Coney Is. Resorts v City of New York
2004 NYSlipOp 01131
February 19, 2004
Appellate Division, First Department
Published by New York State Law Reporting Bureau pursuant to Judiciary Law § 431.
As corrected through Wednesday, April 21, 2004


Coney Island Resorts, Inc., Appellant,
v
City of New York, Respondent.

Judgment, Supreme Court, New York County (Michael Stallman, J.), entered January 9, 2003, which, inter alia, upon the prior grant of defendant's motion for summary judgment, dismissed the complaint, unanimously affirmed, without costs. Appeal from order, same court and Justice, entered January 3, 2003, unanimously dismissed, without costs, as subsumed in the appeal from the ensuing judgment.

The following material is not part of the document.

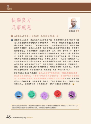 48 // Buddhist in Hong Kong . June 2023%u7b54%u5ba2%u554f%u5feb%u6a02%u826f%u65b9%u2014%u51e1%u4e8b%u611f%u6069%u6f14%u6148%u6cd5%u5e2b %u89e3%u7b54%u82e5%u8b80%u8005%u5728%u751f%u6d3b%u4e0a%u5c0d%u4f5b%u6cd5%u6709%u7591%u60d1%uff0c%u6b61%u8fce%u628a%u554f%u984c%u5bc4%u5f80%u9999%u6e2f%u7063%u4ed4%u99f1%u514b%u9053 338 %u865f 1 %u6a13%u9999%u6e2f%u4f5b%u6559%u806f%u5408%u6703%uff0c%u6216%u96fb%u90f5%u81f3 enquiry@hkbuddhist.org%uff0c%u4fe1%u5c01%u9762%u6216%u90f5%u4ef6%u4e3b%u65e8%u8acb%u8a3b%u660e%u300c%u9999%u6e2f%u4f5b%u6559%u6708%u520a%u7b54%u5ba2%u554f%u300d%u3002%u6cd5%u5e2b%u5c07%u6703%u5f9e%u4e2d%u9078%u53d6%u554f%u984c%u70ba%u8b80%u8005%u89e3%u7b54%u3002%u554f %u70ba%u751a%u9ebc%u505a%u4eba%u82e6%u591a%u6a02%u5c11%uff1f%u8acb%u554f%u6cd5%u5e2b%uff0c%u6211%u600e%u6a23%u4f7f%u81ea%u5df1%u5feb%u6a02%u4e00%u4e9b%uff1f%u7b54 %u4f5b%u6559%u5e38%u8aaa%u4eba%u751f%u662f%u82e6%uff0c%u771f%u6b63%u4f86%u8aaa%u4eba%u751f%u662f%u82e6%u6a02%u53c3%u534a%u7684%uff0c%u70ba%u751a%u9ebc%u89ba%u5f97%u4eba%u751f%u82e6%u591a%u6a02%u5c11%u5462%uff1f%u56e0%u70ba%u4eba%u5011%u4eab%u53d7%u5feb%u6a02%u9806%u5883%u6642%u7e3d%u8a8d%u70ba%u662f%u7406%u6240%u7576%u7136%u7684%uff0c%u4e0d%u77e5%u73cd%u60dc%uff0c%u7576%u5feb%u6a02%u9806%u5883%u904e%u53bb%u5f8c%u4fbf%u6703%u89ba%u5f97%u5931%u843d%u82e6%u60f1%uff0c%u4fd7%u8a9e%u6709%u4e91%uff1a%u300c%u8eab%u5728%u798f%u4e2d%u4e0d%u77e5%u798f%u300d%uff0c%u4e0d%u77e5%u5e78%u798f%u4e0d%u662f%u5fc5%u7136%u7684%uff0c%u7a0d%u4e0d%u5982%u610f%u6642%u5c31%u89ba%u5f97%u82e6%u60f1%u96e3%u53d7%uff0c%u9019%u90fd%u662f%u4eba%u4e4b%u5e38%u60c5%u3002%u5c31%u5982%u5f9e%u524d%u7684%u4eba%u751f%u6d3b%u6c92%u6709%u73fe%u5728%u822c%u8c50%u88d5%uff0c%u82e5%u6709%u6a5f%u6703%u65c5%u884c%u6703%u89ba%u5f97%u662f%u4e00%u4efd%u5f88%u5927%u7684%u79ae%u7269%uff0c%u611f%u5230%u7121%u6bd4%u6109%u5feb%u3001%u6eff%u8db3%uff0c%u6240%u4ee5%u4e0d%u6703%u8a08%u8f03%u5c0f%u4e8b%uff0c%u76e1%u60c5%u4eab%u53d7%uff1b%u4f46%u7576%u65c5%u884c%u6b21%u6578%u591a%u4e86%u5c31%u6703%u8996%u4f5c%u7406%u6240%u7576%u7136%uff0c%u958b%u59cb%u8af8%u591a%u8981%u6c42%u3001%u8a08%u8f03%u3001%u4e0d%u6eff%u3002%u672c%u4f86%u65c5%u884c%u662f%u4e00%u7a2e%u4eab%u53d7%uff0c%u537b%u56e0%u8a08%u8f03%u3001%u4e0d%u6eff%u3001%u57cb%u6028%u3001%u751f%u6c23%u800c%u4eab%u53d7%u4e0d%u4e86%u7576%u4e0b%u7684%u5feb%u6a02%uff0c%u56e0%u4e00%u4e01%u9ede%u672a%u5982%u7406%u60f3%u7684%u5c0f%u4e8b%u800c%u7834%u58de%u4e86%u6574%u500b%u5feb%u6a02%u7684%u6642%u5149%u3002%u4f5b%u6559%u8aaa%u4eba%u751f%u662f%u82e6%uff0c%u4e0d%u662f%u6d88%u6975%uff1b%u63d0%u9192%u6211%u5011%u300c%u4eba%u751f%u4e0d%u5982%u610f%u4e8b%u5e38%u516b%u4e5d%u300d%u662f%u6b63%u5e38%u7684%u73fe%u8c61%uff0c%u6211%u5011%u61c9%u8a72%u5b78%u7fd2%u5982%u4f55%u9762%u5c0d%u3001%u63a5%u53d7%u3001%u6d88%u5316%u3001%u8655%u7406%u9019%u4e9b%u4e0d%u5982%u610f%u4e8b%u3002%u8655%u7406%u5f8c%u8a72%u653e%u4e0b%u7684%u653e%u4e0b%uff0c%u61c9%u4fee%u6b63%u7684%u4fee%u6b63%uff0c%u80fd%u627f%u64d4%u7684%u627f%u64d4%uff0c%u4e0d%u8981%u8b93%u57cb%u6028%u3001%u6575%u8996%u3001%u60b2%u50b7%u7b49%u8ca0%u9762%u60c5%u7dd2%u9577%u671f%u6c61%u67d3%u6211%u5011%u7684%u751f%u6d3b%u3002%u6240%u8b02%u82e6%u4e2d%u4f5c%u6a02%u4e0d%u662f%u9ebb%u9189%u81ea%u5df1%uff0c%u800c%u662f%u4ee5%u4f5b%u6cd5%u667a%u6167%u89e3%u6c7a%u7169%u60f1%uff0c%u7406%u667a%u5730%u9762%u5c0d%u554f%u984c%uff0c%u7136%u5f8c%u63a5%u53d7%u3001%u8655%u7406%u3001%u89e3%u6c7a%u3001%u653e%u4e0b%u5b83%u3002 %u8b93%u81ea%u5df1%u5feb%u6a02%u7684%u826f%u65b9%u662f%u51e1%u4e8b%u611f%u6069%u3002%u96d6%u7136%u4eba%u751f%u7e3d%u6709%u4e0d%u7a31%u610f%u7684%u6642%u523b%uff0c%u4ea6%u96e3%u514d%u6709%u96e3%u582a%u7684%u969b%u9047%uff1b%u4f46%u6c92%u6709%u904e%u4e0d%u53bb%u7684%u6642%u5149%uff0c%u53ea%u8981%u5728%u4e0d%u5982%u610f%u4e2d%u4fdd%u6301%u5149%u660e%u7684%u5e0c%u671b%uff0c%u5728%u82e6%u96e3%u4e2d%u4fdd%u6301%u6b63%u78ba%u7684%u4fe1%u5ff5%uff0c%u4e0d%u8a08%u8f03%u500b%u4eba%u7684%u5f97%u5931%uff0c%u611f%u6069%u5c1a%u5b58%u7684%u64c1%u6709%uff0c%u73cd%u60dc%u7576%u4e0b%uff0c%u77e5%u8db3%u5e38%u6a02%u3002%u53e6%u5916%uff0c%u4e5f%u61c9%u5e38%u61f7%u6148%u60b2%u5fc3%uff0c%u6148%u8207%u773e%u751f%u6a02%uff0c%u60b2%u62d4%u773e%u751f%u82e6%uff0c%u4fd7%u8a9e%u4e91%uff1a%u300c%u52a9%u4eba%u70ba%u5feb%u6a02%u4e4b%u672c%u3002%u300d%u53ea%u8981%u628a%u5fc3%u601d%u653e%u5728%u95dc%u5fc3%u5225%u4eba%u3001%u5e6b%u52a9%u5f31%u52e2%u793e%u7fa4%u3001%u591a%u505a%u7fa9%u52d9%u5de5%u4f5c%uff0c%u81ea%u7136%u53ef%u4ee5%u5efa%u7acb%u81ea%u5df1%u5feb%u6a02%u4e4b%u6e90%u3002

The motion court properly found this action barred by the doctrine of res judicata, since the claims alleged in the proposed amended complaint, including the cause of action for breach of the covenant of good faith, are premised upon transactions identical to those underlying the breach of contract causes dismissed in the prior federal action (see O'Brien v City of Syracuse, 54 NY2d 353, 357 [1981]).

We have reviewed plaintiff's remaining arguments and find them unavailing. Concur—Mazzarelli, J.P., Williams, Friedman and Gonzalez, JJ.